Segundo a Polícia Civil, na casa de Carlos foram apreendidos vários diplomas, históricos escolares e declarações de escolaridade em nome de terceiros, que seriam entregues aos compradores. Além disso, foram encontrados carimbos que certificariam de forma falsa os documentos e comprovantes de depósitos bancários e cadernetas com os nomes dos clientes.

As investigações ainda apontam que Thiago é o responsável por fazer a negociação por meio de telefone e aplicativos de mensagens. Inclusive, o suspeito também criou sites para a comercialização ilegal. Durante o cumprimento a mandado de busca e apreensão na casa dele, a polícia encontrou cadernos e lista com nomes de clientes e contabilidade.

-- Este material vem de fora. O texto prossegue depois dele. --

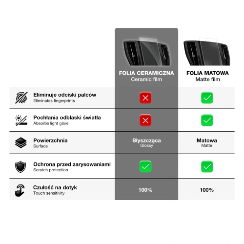 Folia ceramiczna nie pochłania odcisków palców. Jest wykonana z materiału o wysokiej twardości, który zapewnia skuteczną ochronę przed zarysowaniami. Wyświetlacz Twojego samochodu będzie chroniony przed uszkodzeniami spowodowanymi przez klucze, monety czy inne ostre przedmioty.
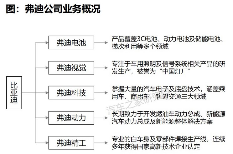 比亚迪旗下五家弗迪公司将核心零部件环节自主掌握,分别是弗迪电池有限公司、弗迪视觉有限公司、弗迪科技有限公司、弗迪动力有限公司、弗迪精工有限公司。独立的弗迪系公司将拥有更多的自主权,更有助于加快全球电动化的普及。
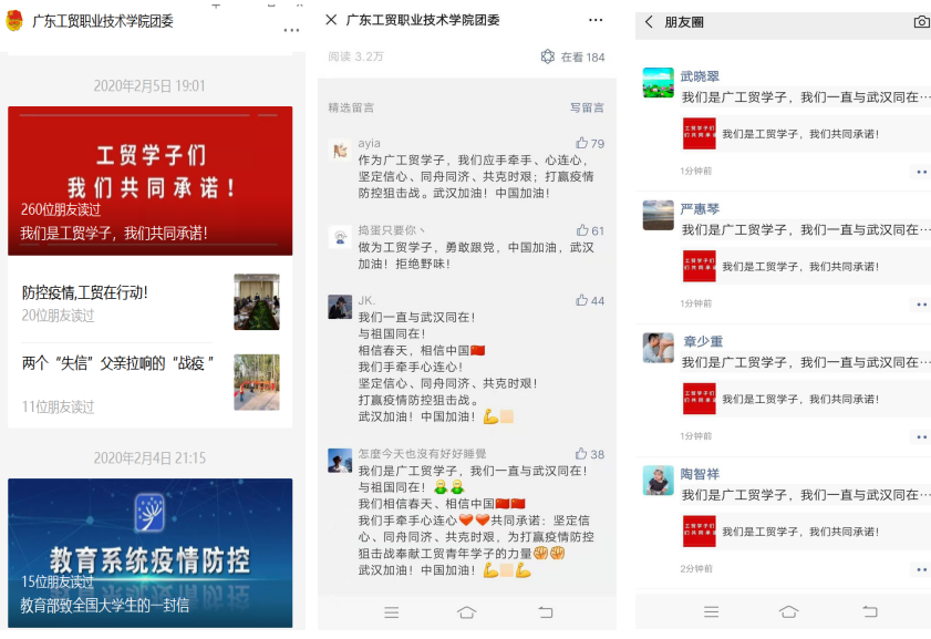 3千,留言破新高,刷爆工贸团学组织新媒体矩阵和学子朋友圈,很好地教育引导学生坚定信心,共克时艰。

Os suspeitos podem responder por falsificação de documentos públicos, o que corresponde a uma pena de 2 a 6 anos. Carlos pode responder, também, por apetrechos de falsificação, com pena de 1 a 3 anos.

Beneficiados


O chefe do Departamento Estadual de Investigação de Fraudes, Márcio Lobato, ainda ressaltou, por meio da assessoria de imprensa, que essa operação acende um alerta para um problema ainda maior: pessoas trabalhando em setores, como educação física, ortodontia e enfermagem, sem nenhuma qualificação.

A Polícia Civil continua as investigações das pessoas que teriam comprado os documentos e se elas fazem uso dos mesmos. Elas podem responder por porte de documentação falsa, com reclusão de dois a seis anos e multa.